SOURCE MATERIAL:
========
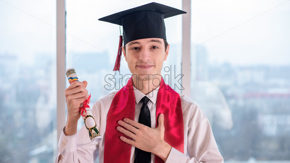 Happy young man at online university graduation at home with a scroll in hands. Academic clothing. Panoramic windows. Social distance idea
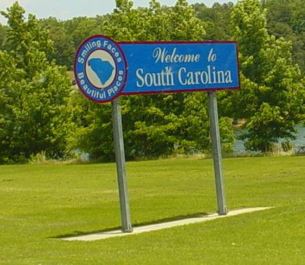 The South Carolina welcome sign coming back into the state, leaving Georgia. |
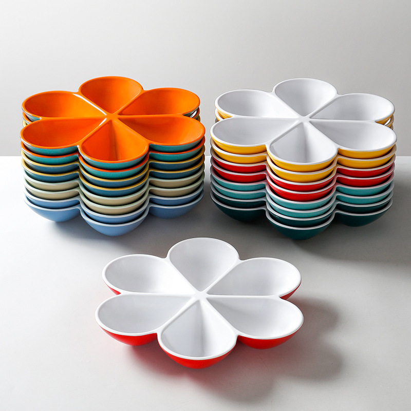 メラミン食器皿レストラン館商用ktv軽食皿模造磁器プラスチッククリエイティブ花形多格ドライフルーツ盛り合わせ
========
EXERCISE DETAILS: Leave out every picture, and copy exactly the lines from the line that contains "The South Carolina" through the end of the material.

REPLY TO THE EXERCISE:
 The South Carolina welcome sign coming back into the state, leaving Georgia. |
 メラミン食器皿レストラン館商用ktv軽食皿模造磁器プラスチッククリエイティブ花形多格ドライフルーツ盛り合わせ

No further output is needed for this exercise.